| Task to carry out |
Having found the line containing "花壇のパンジーにお水をあげている姿です!" in the records below, copy that line and each later one exactly, dropping pictures.

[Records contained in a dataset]
::::::::
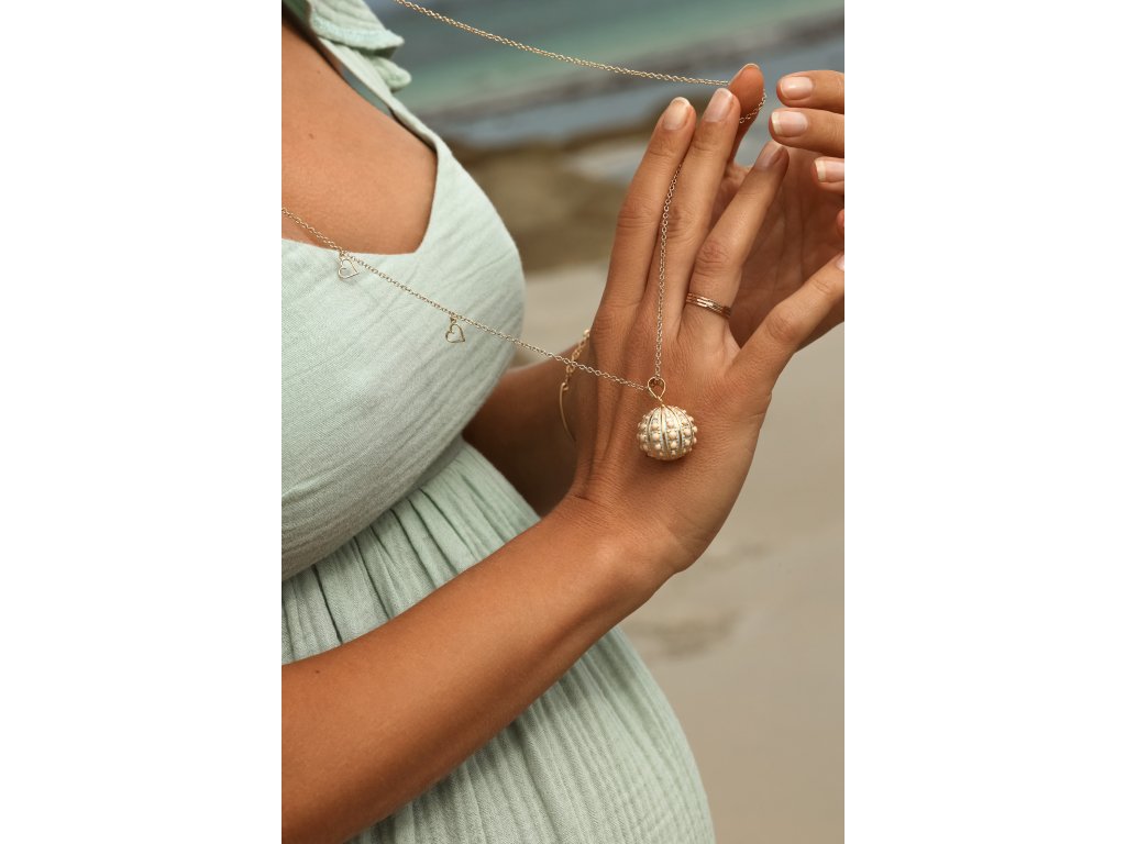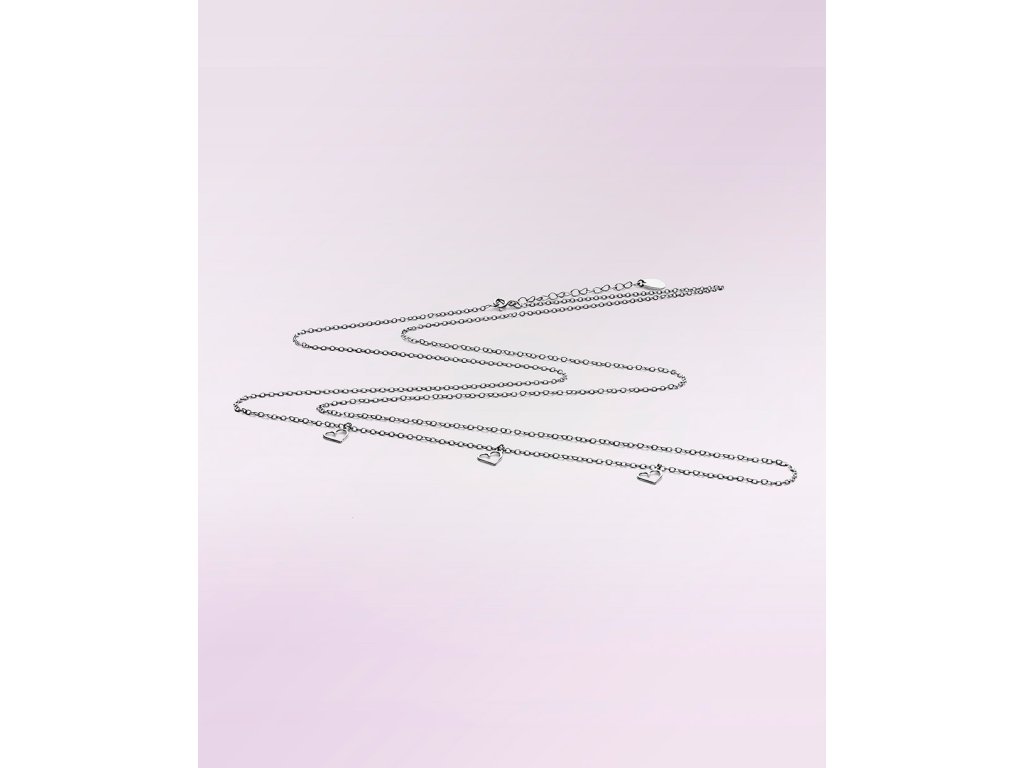 Řetízek má délku 110 cm a je nastavitelný o dalších 10 cm, takže si jej můžete přizpůsobit podle sebe. Na jedné straně je ozdoben třemi drobnými srdíčky – něžný detail, který symbolizuje lásku a propojení.
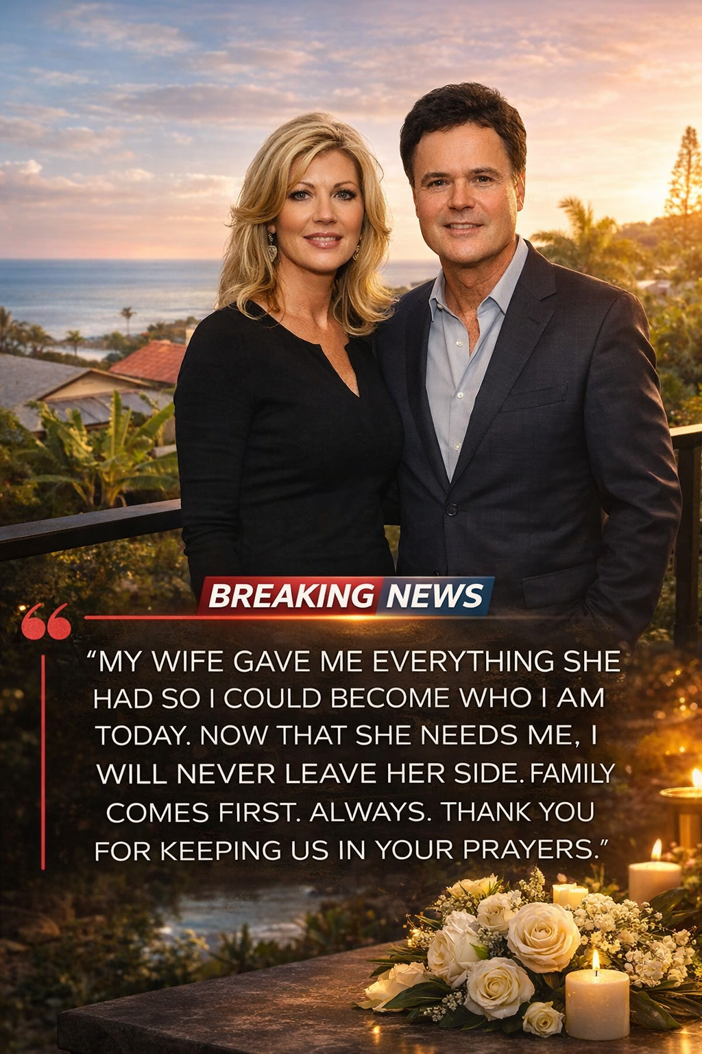 These words, simple yet profoundly moving, were shared by Donny Osmond in a quiet moment that contrasted sharply with the flashing cameras and roaring applause of his usual public life. What unfolded was not a performance, but a deeply personal reflection — a glimpse into the private life of a man the world has long admired for his talent, charm, and resilience.
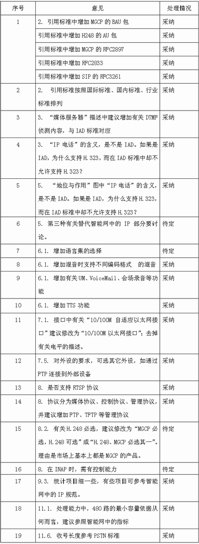 附表:8月1日~2日,網(wǎng)絡(luò)與交換標準研究組對于“基于軟交換的媒體服務(wù)器的技術(shù)要求”的征求意見選登。
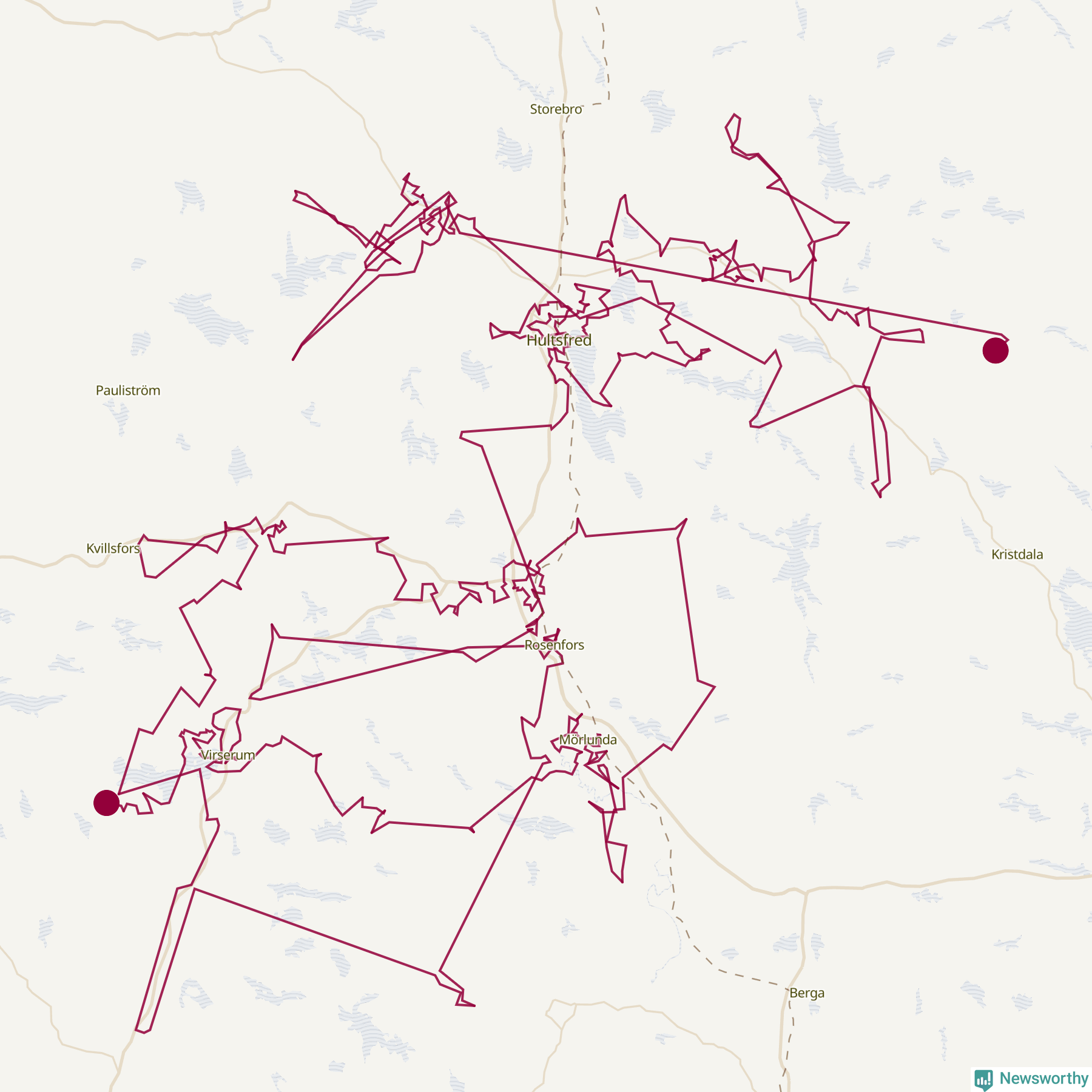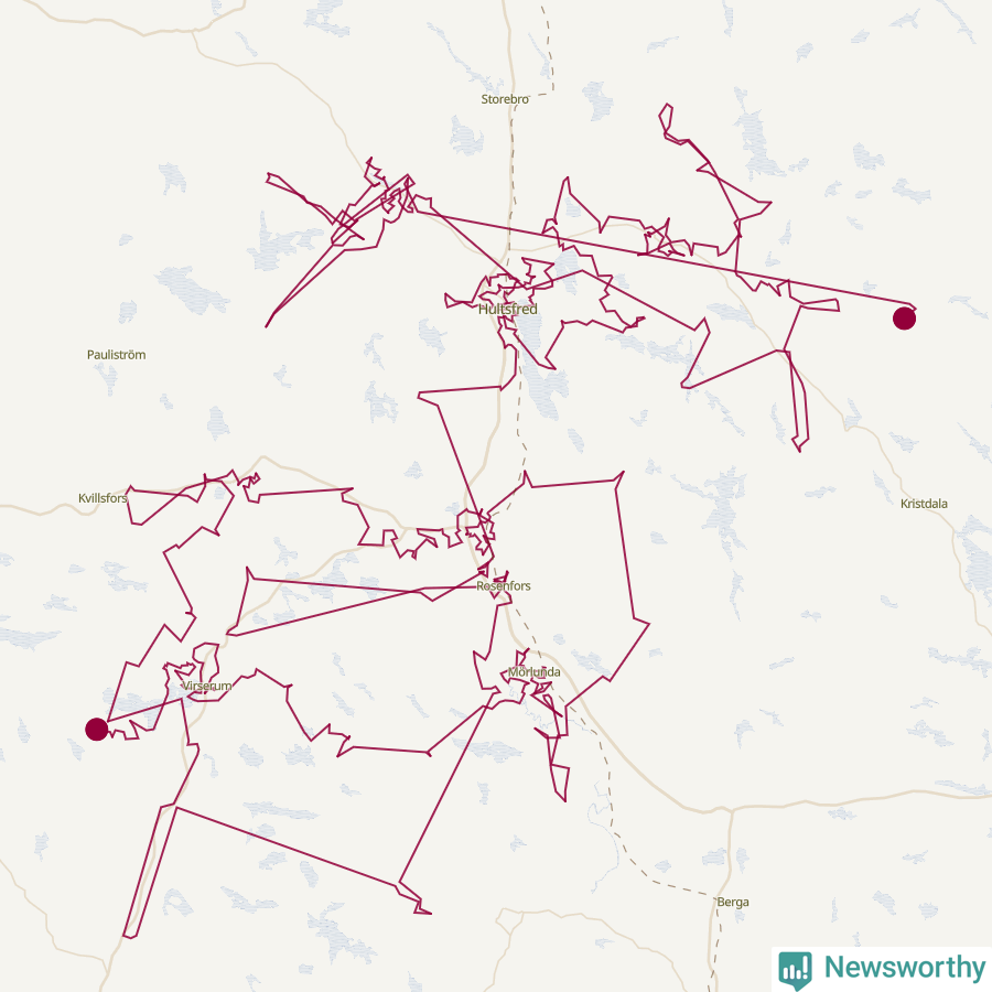 Så här skulle tomtens resa kunna se ut i Hultsfred:
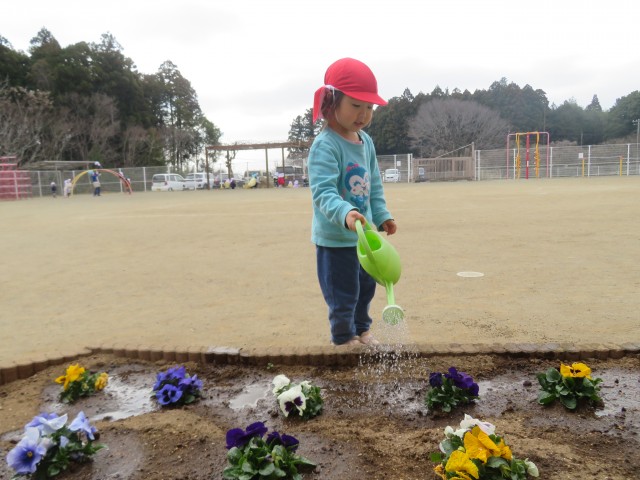 花壇のパンジーにお水をあげている姿です!
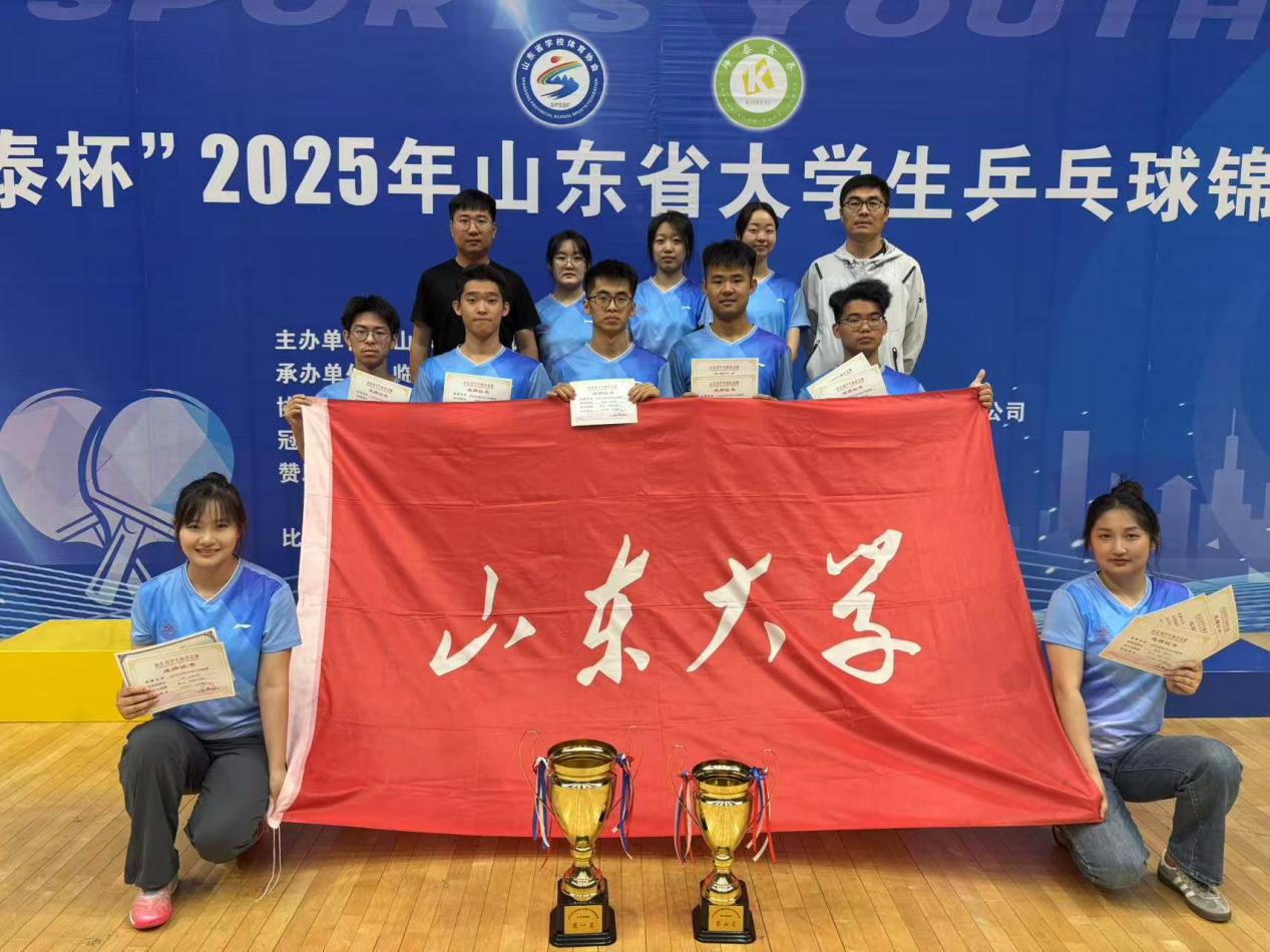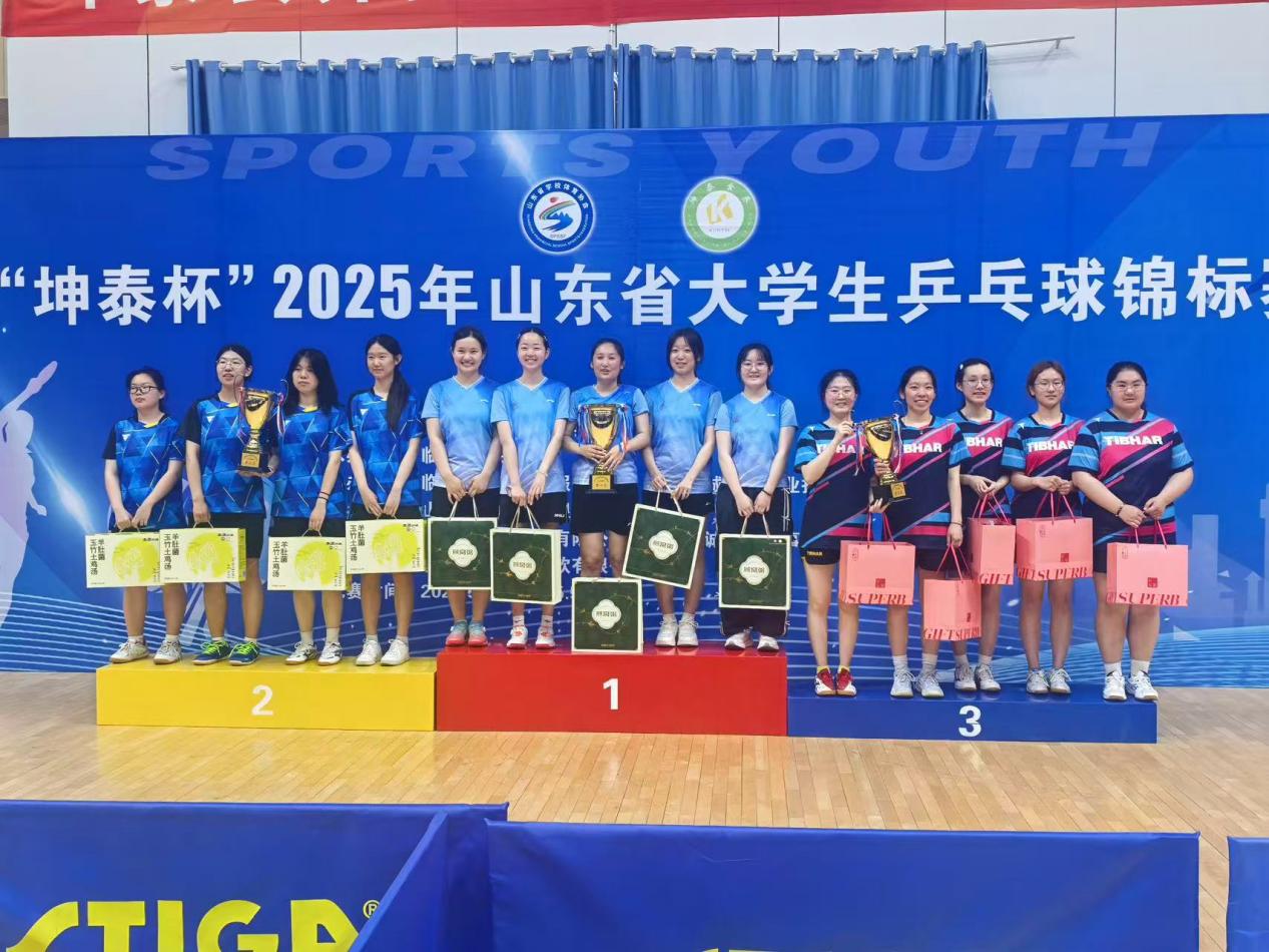 5月23日,2025年山东省大学生乒乓球锦标赛在临沭县蛟龙航空主题公园圆满收官。Beat365官方网站乒乓球队的10名队员经过顽强拼搏,获得甲组2金1铜,首次夺得甲组总成绩第一,实现了历史性的重大突破。同时,教练李海鸣、陈德旭凭借出色的带队表现荣获“优秀教练员”称号。
::::::::
| Task answer |
 花壇のパンジーにお水をあげている姿です!
 5月23日,2025年山东省大学生乒乓球锦标赛在临沭县蛟龙航空主题公园圆满收官。Beat365官方网站乒乓球队的10名队员经过顽强拼搏,获得甲组2金1铜,首次夺得甲组总成绩第一,实现了历史性的重大突破。同时,教练李海鸣、陈德旭凭借出色的带队表现荣获“优秀教练员”称号。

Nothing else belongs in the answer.